ERISA consultants at the Retirement Learning Center (RLC) Resource Desk regularly receive calls from financial advisors on a broad array of technical topics related to IRAs, qualified retirement plans and other types of retirement savings and income plans, including nonqualified plans, stock options, and Social Security and Medicare.  We bring Case of the Week to you to highlight the most relevant topics affecting your business.

A recent call with an advisor in Michigan is representative of a common inquiry related to plan permanency.

Highlights of Discussion

  • While the IRS does not require that a plan sponsor maintain its plan (DB or DC) for a certain number of years, it does state in its Treasury regulations, “The term ‘plan’ implies a permanent, as distinguished from a temporary, program,” [Treasury Regulation 1.401-1(b)(2)].
  • The regulation goes on to say, although the plan sponsor may reserve the right to change or terminate the plan, and to discontinue contributions thereunder, the abandonment of the plan for any reason other than business necessity within a few years after it has taken effect will be evidence that the plan, from its inception, was not a bona fide program for the exclusive benefit of employees in general. The IRS, in such an instance, could deem the plan was never qualified and, consequently, revoke its tax-favored status—making the plan’s assets immediately taxable to participants, and any tax deductions taken null and void.
  • For a bit more insight, the IRS has ruled in Revenue Ruling 72-239 that a plan that has been in existence for over 10 years can be terminated without a business necessity.
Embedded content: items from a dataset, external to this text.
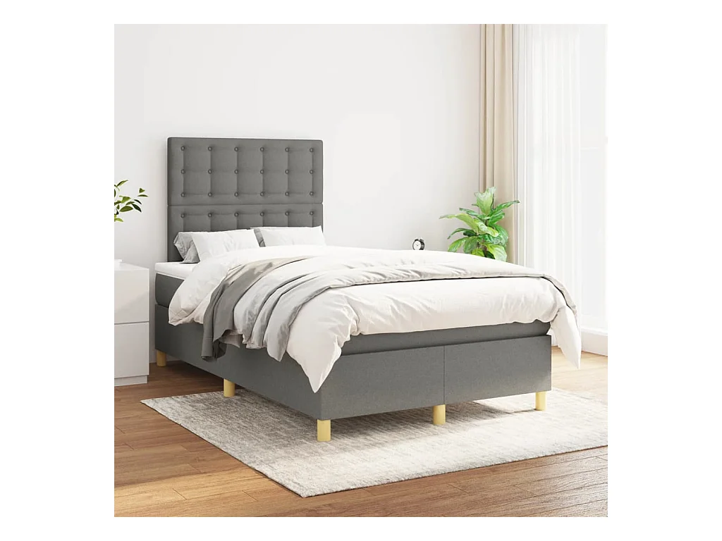 Sommier à lattes de lit avec matelas gris foncé 120x190 tissu
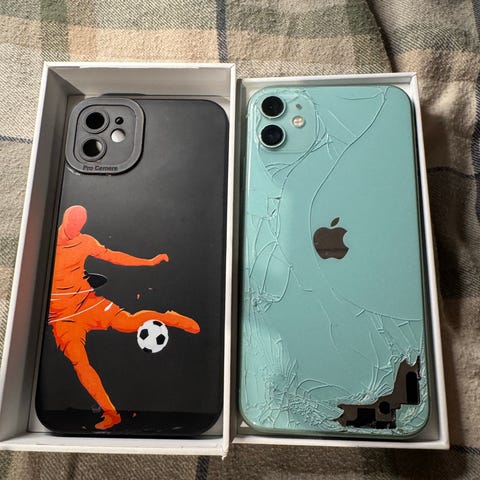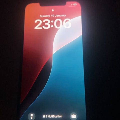 Apple iPhone mobiltelefon med 64 GB lagringskapasitet, noen pixelfeil. Batterikapasitet 92%
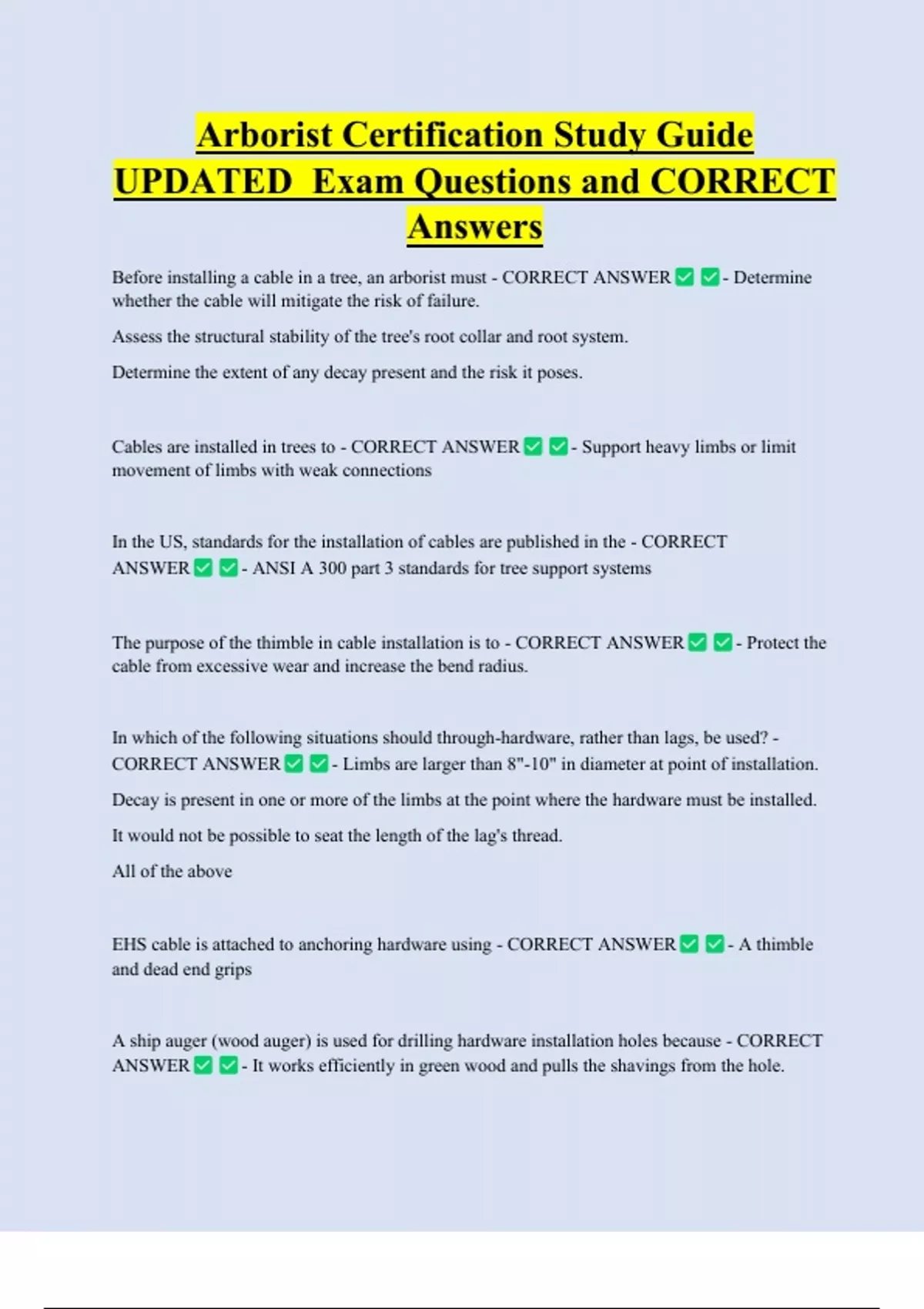 Arborist Certification Study Guide UPDATED Exam Questions and CORRECT Answers Before installing a cable in a tree, an arborist must - CORRECT ANSWER whether the cable will mitigate the risk of failure. Assess the structural stability of the tree's root collar and root system. Determine the extent of any decay present and the risk it poses. Cables are installed in trees to - CORRECT ANSWER movement of limbs with weak connections - Determine - Support heavy limbs or limit

In IRS Revenue Ruling 69-25, the IRS provided that if a plan is terminated within a few years of its inception and there were no unforeseeable, negative developments in the business that made it impossible to continue the plan, then this is evidence that the employer did not intend the plan as a permanent program. The employer can rebut this presumption by showing that it abandoned the plan as a result of an unforeseeable business necessity. Business necessity, in this context, means adverse business conditions, not within the control of the employer, under which it is not possible to continue the plan, including bankruptcy or insolvency, and discontinuance of the business, along with merger or acquisition of the plan sponsor, as long as the merger or acquisition was not foreseeable at the time the plan was created.
  • In the end, the IRS will judge a plan as permanent or temporary based on the facts and circumstances of the surrounding case. The IRS’s Employee Plans Guidelines for Plan Terminations at 7.12.1.3 outlines what examiners will consider for permanency requirements and what reasons for termination will be considered valid for business necessity.
  • The regulation further states, “In the event a plan is abandoned, the employer should promptly notify the district director, stating the circumstances which led to the discontinuance of the plan.”
  • A plan sponsor’s decision to terminate and reasons for terminating its qualified retirement plan should be thoroughly documented and retained.

Conclusion

Employers who have established or who may be contemplating establishing a qualified retirement plan must be aware that the IRS expects the arrangement will be a permanent one.  And although plan sponsors reserve the right to terminate their qualified retirement plans, the IRS views “business necessity” as the only legitimate reason for plan abandonment.